> [What you need to do] The task calls for the lines below from the line with "This Pullover Hoodie" to the line with "Это цифровой файл", both ends included, copied exactly, without any pictures.

> [Information given]
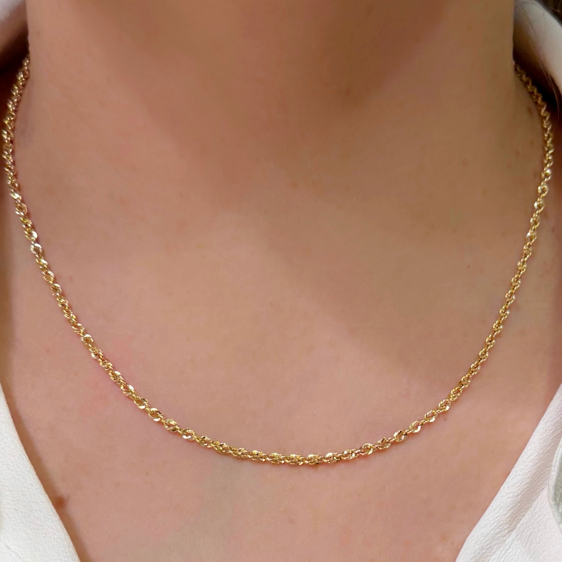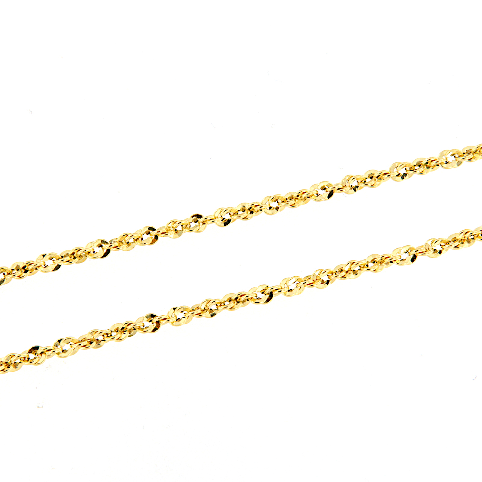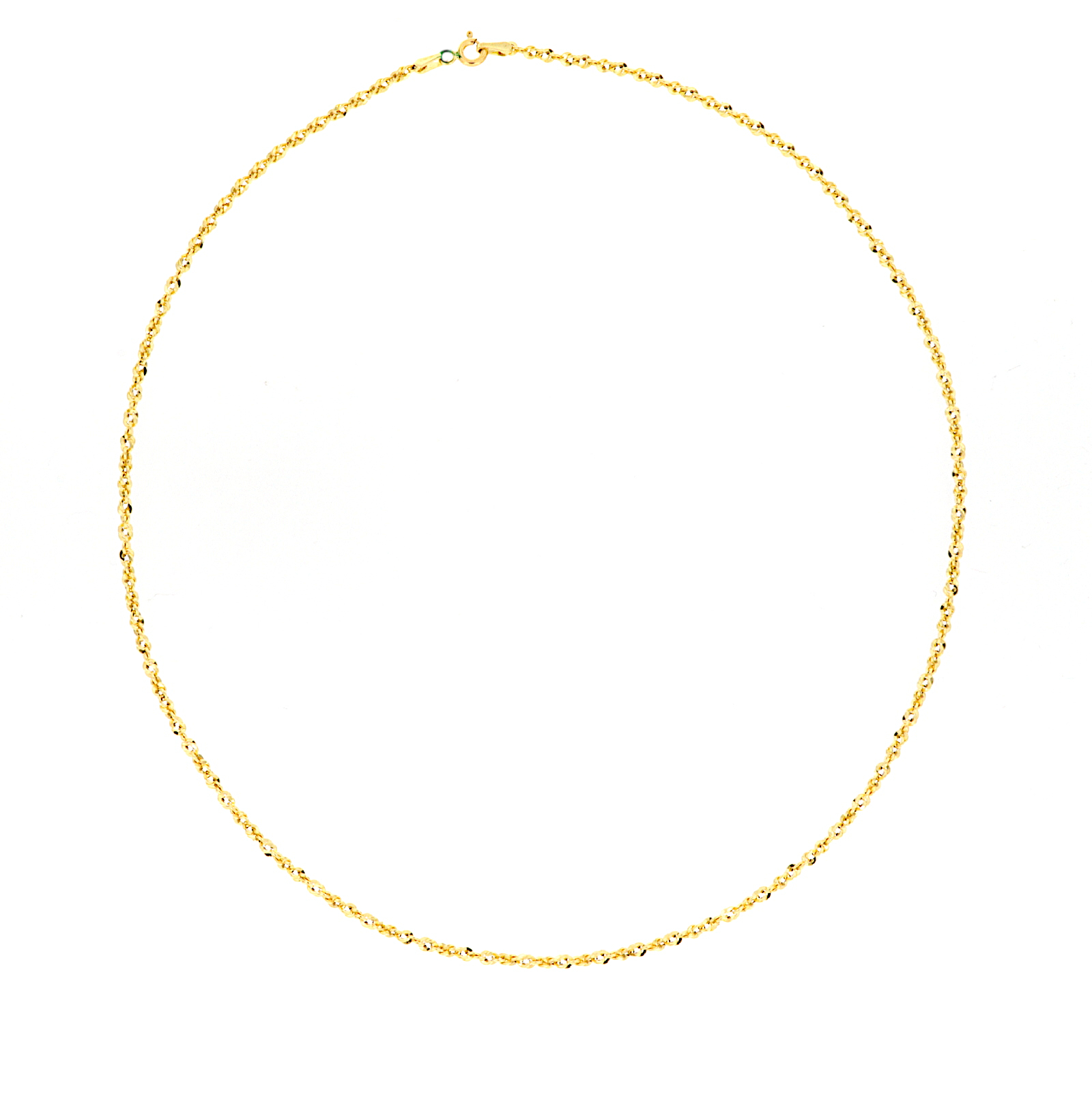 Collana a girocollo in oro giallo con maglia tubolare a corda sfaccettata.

---

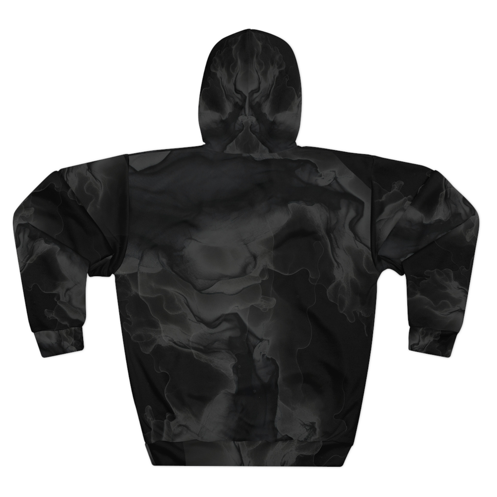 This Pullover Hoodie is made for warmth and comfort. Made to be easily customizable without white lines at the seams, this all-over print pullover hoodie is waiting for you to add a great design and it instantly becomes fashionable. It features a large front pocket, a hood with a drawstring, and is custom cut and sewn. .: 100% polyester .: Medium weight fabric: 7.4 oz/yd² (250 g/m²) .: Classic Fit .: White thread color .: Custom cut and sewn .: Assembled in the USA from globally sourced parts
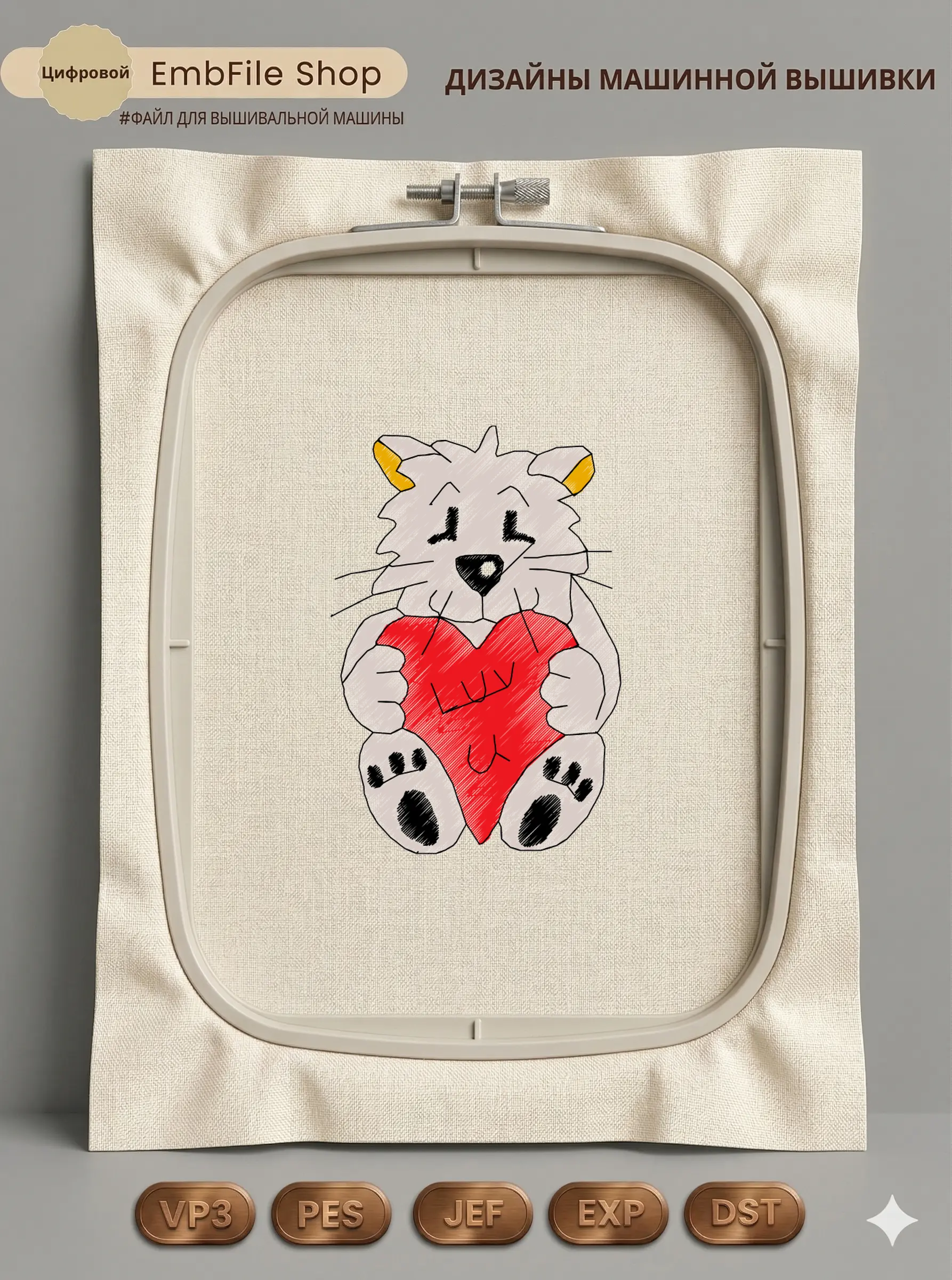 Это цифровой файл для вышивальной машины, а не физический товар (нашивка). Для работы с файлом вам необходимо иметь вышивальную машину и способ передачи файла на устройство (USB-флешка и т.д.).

> [Written answer]
 This Pullover Hoodie is made for warmth and comfort. Made to be easily customizable without white lines at the seams, this all-over print pullover hoodie is waiting for you to add a great design and it instantly becomes fashionable. It features a large front pocket, a hood with a drawstring, and is custom cut and sewn. .: 100% polyester .: Medium weight fabric: 7.4 oz/yd² (250 g/m²) .: Classic Fit .: White thread color .: Custom cut and sewn .: Assembled in the USA from globally sourced parts
 Это цифровой файл для вышивальной машины, а не физический товар (нашивка). Для работы с файлом вам необходимо иметь вышивальную машину и способ передачи файла на устройство (USB-флешка и т.д.).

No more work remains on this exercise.